Joint inventions typically arise in one of two ways. In one instance joint ownership can arise for an invention made by two or more persons. If there is no obligation to assign the invention to a single entity, such as the employer of the inventors, ownership of the jointly made invention is jointly held by the two or more inventors. In another instance, joint inventions can arise when two or more companies or other organizations work together on a project. For example, a university and research sponsor may collaborate on a development project, or two or more parties may collaborate on a joint development project. In the absence of an agreement between the parties to the joint activity, inventions and patents resulting from the joint project are jointly owned by the parties. By statute (35 U.S.C.§261, 262), each co-owner of a joint invention or patent can act independently of the others and without accounting to the others. The result of such potential independent action can often thwart the effective utilization or licensing of the jointly owned technology and associated inventions and patents.

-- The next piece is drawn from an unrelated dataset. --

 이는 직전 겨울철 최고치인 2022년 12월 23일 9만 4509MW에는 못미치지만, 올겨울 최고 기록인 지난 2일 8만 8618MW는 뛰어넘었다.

It is therefore essential to have a written agreement between the joint owners which sets forth rights and responsibilities of each of the parties. Such an agreement should specify respective ownership interests, responsibility for control of patent filing, prosecution and maintenance activities, sharing of patent expenses, sharing of royalty or other income, management of licensing or other transactions in respect of the jointly owned intellectual property and management of litigation relating to the joint intellectual property. In the absence of an appropriate agreement, each owner could compete with the other co-owners and attempt to separately license or exploit the invention. In addition, no co-owner has any obligation to account to any of the other co-owners with respect to the sharing of income from the jointly owned invention, or otherwise.

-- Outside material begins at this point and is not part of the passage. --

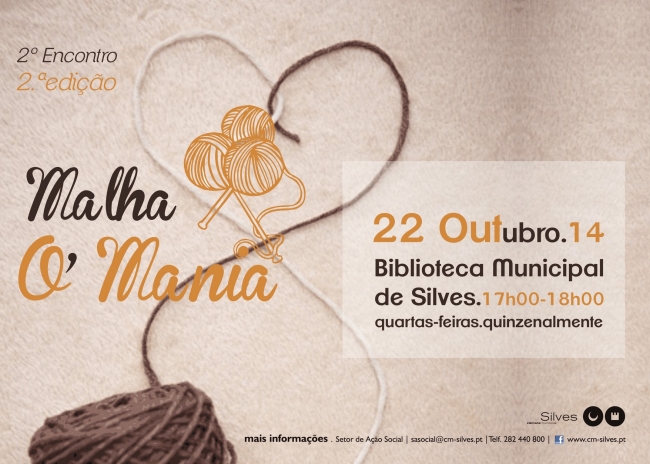 Promovido pela Câmara Municipal de Silves, através do seu setor de Ação Social, a Biblioteca Municipal de Silves volta a receber amanhã, dia 22 de outubro, pelas 17h00, mais um encontro “Malha Ó Mania”.

Ownership of an invention and any resulting patent is a matter of state law and any dispute regarding ownership would be a matter for resolution by state court action, unless there is diversity or other federal court jurisdiction. Such disputes often involve interpretation of an agreement to assign invention rights, interpretation of a consulting agreement under which an invention arose, or interpretation of an employment agreement under which an invention is said to have arisen.
A further issue relating to a jointly owned patent arises if there is to be litigation alleging infringement of the joint patent.. All co-owners must jointly sue the infringing party. An agreement among the co-owners may specify that one party can manage such litigation although the other co-owners must usually be named as parties to suit jurisdictional requirements.
Bottom line – have a written agreement with all co-owners.